Limitations of AI reasoning, transparently stated

LLM-based reasoning can fail in ways traditional rule engines cannot. Where this audit could plausibly be wrong, here is where:

  • Hallucinated quotes. Modern frontier models occasionally fabricate quotes. AuditForge mitigates this with quote_verified checks (every produced quote is matched against the retrieved chunks), and the partner reviewer is asked to confirm any high-severity finding's quote against the source PDF before accepting.
  • Context-window cliff. When the corpus exceeds the model's effective context, retrieved chunks are sampled and ranked, not exhaustively read. A relevant clause that doesn't surface in the top-k retrieval may be missed. The validator stage's relevance threshold and the deepening stage's follow-up targets reduce, but do not eliminate, this risk.
  • Domain-knowledge gaps. The model's knowledge of niche regulatory frameworks may be incomplete or out of date relative to the model's training cutoff. The intake stage and the partner's review compensate for this; novel or rapidly-evolving frameworks (e.g., a regulation changed within the last six months) warrant additional partner scrutiny.
  • Catalog blind spots.

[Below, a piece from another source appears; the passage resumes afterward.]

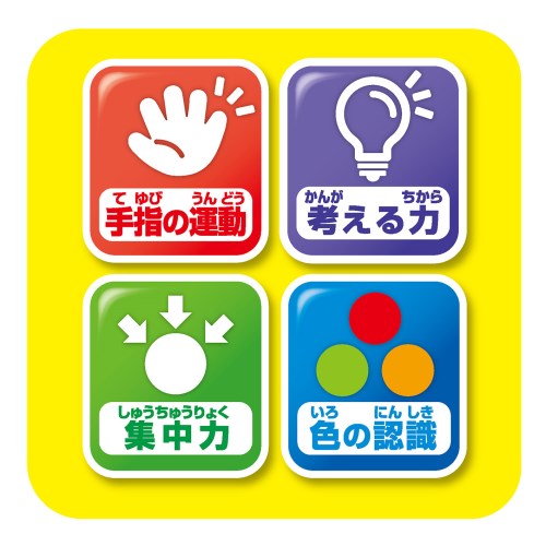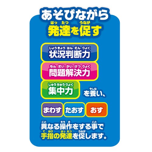 遊びながら状況判断力、問題解決力、集中力を養い、まわす、たおす、押すといった異なる操作をすることで手指の発達を促します。

A primitive that does not exist cannot generate findings. The current ten primitives are believed to cover the major categories of textual audit finding, but a corpus may contain issues that fit none of them. The partner's review is the safety net.

The deliverable's executive summary explicitly notes when the audit's scope or budget caused specific kinds of findings to be limited.


Cost and scaling

A typical engagement against a corpus of 100–500 documents runs in 30–60 minutes of wall-clock time and consumes between $5 and $50 in compute, with the variance driven by:

  • Corpus size (linear in document count for retrieval; sub-linear for catalog and synthesis).
  • Iteration count (default 3; deeper engagements can extend to 5).
  • Adversarial verification (roughly doubles per-question cost; default on for Premium / Defensibility, optional otherwise).
  • Archetype's catalog priority weighting (some archetypes pull more LLM-driven targets than others).

Hard budget caps prevent runaway spend. The system gracefully downshifts model tiers as the budget approaches its cap rather than aborting mid-run.


Provenance & rotation

The pipeline runs against the auditing firm's own AWS tenancy. No data leaves the firm's infrastructure for any purpose other than the LLM calls themselves. LLM API endpoints used (Anthropic, OpenAI) are documented in the engagement audit log. Per-engagement S3 buckets isolate every client's documents, indexes, findings, and audit logs from every other client's. Retention is configurable per engagement and defaults to the auditing firm's standard data-handling policy.


This methodology is part of the published audit deliverable. It is intended to be read by the end client's reviewer and shared with their compliance and procurement teams. Updates to the methodology are versioned; the version applied to any given audit is recorded in the engagement metadata at the bottom of the deliverable.